To begin with, Emily was describing an important factor which divides a good novelist from a great one: the ability to transcend race, gender, social status, etc. and essentially become ones "fictional" characters. When an author states that his or her characters "came to life" or took on "lives of their own" don't immediately assume that this "life" was not in some way a portion of the author's. While an ability to interface with the unconscious allows a novelist to weave the strange tales they do, without the decided ability to transcend gender (and/or gender stereotypes), the characters the author creates (or channels) of the "opposite sex" are merely two-dimensional. They don't ring true, and, at some point, the plot overtakes them.

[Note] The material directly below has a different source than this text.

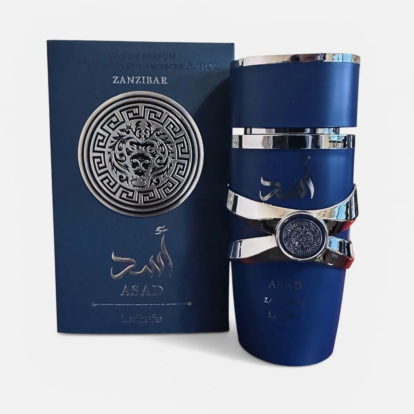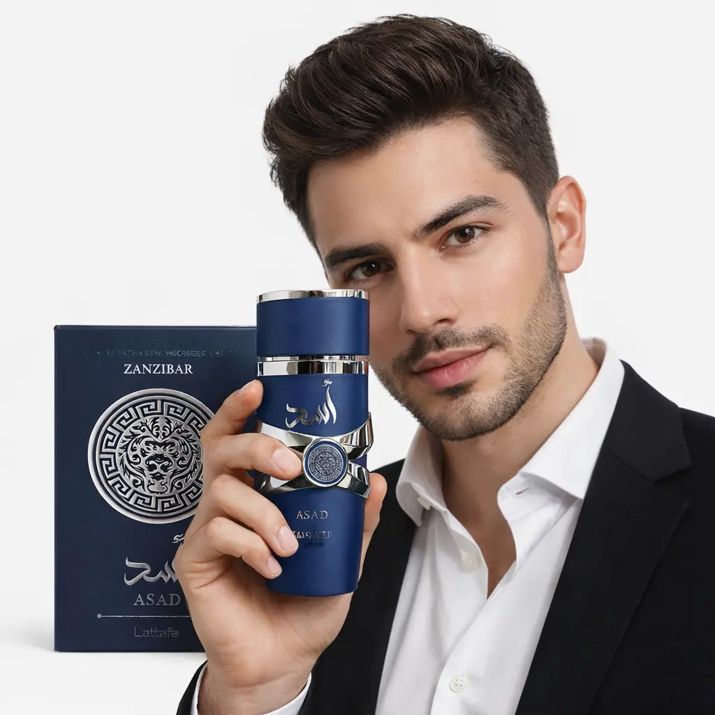 Introducing Lattafa Asad Zanzibar for Men (3.4 oz Eau de Parfum)—a refined fragrance that blends exotic freshness with modern masculine sophistication.

Another view of Top Withens

So, Emily's anti-hero was a man and, in conventional terms, a monster. And, yet, Heathcliff was also sensitive and vulnerable to the point of morbidity. He had no macho delusions... he despised anything and everything - certainly all social conventions - which smacked of falseness or pretentiousness of any kind, merely using them (when he found them) to serve his own ends. Ultimately his goal was to reunite with Catherine, a childhood love who had become integral to his own nature.  But, his passion does not end with Catherine's corporeal existence, nor is it related to the conventions of a "normal" relationship. Certainly marriage never seemed to be in the cards, and, yet, ultimately, the inevitable union of Catherine and Heathcliff is implied throughout the novel. Symbolically, their union can be interpreted as a chemical wedding, that is, a love story - once again - of alchemical significance, in which the King and Queen, although not polar opposites in character, become one driving force, one prima materia or mysterium conjunctionis.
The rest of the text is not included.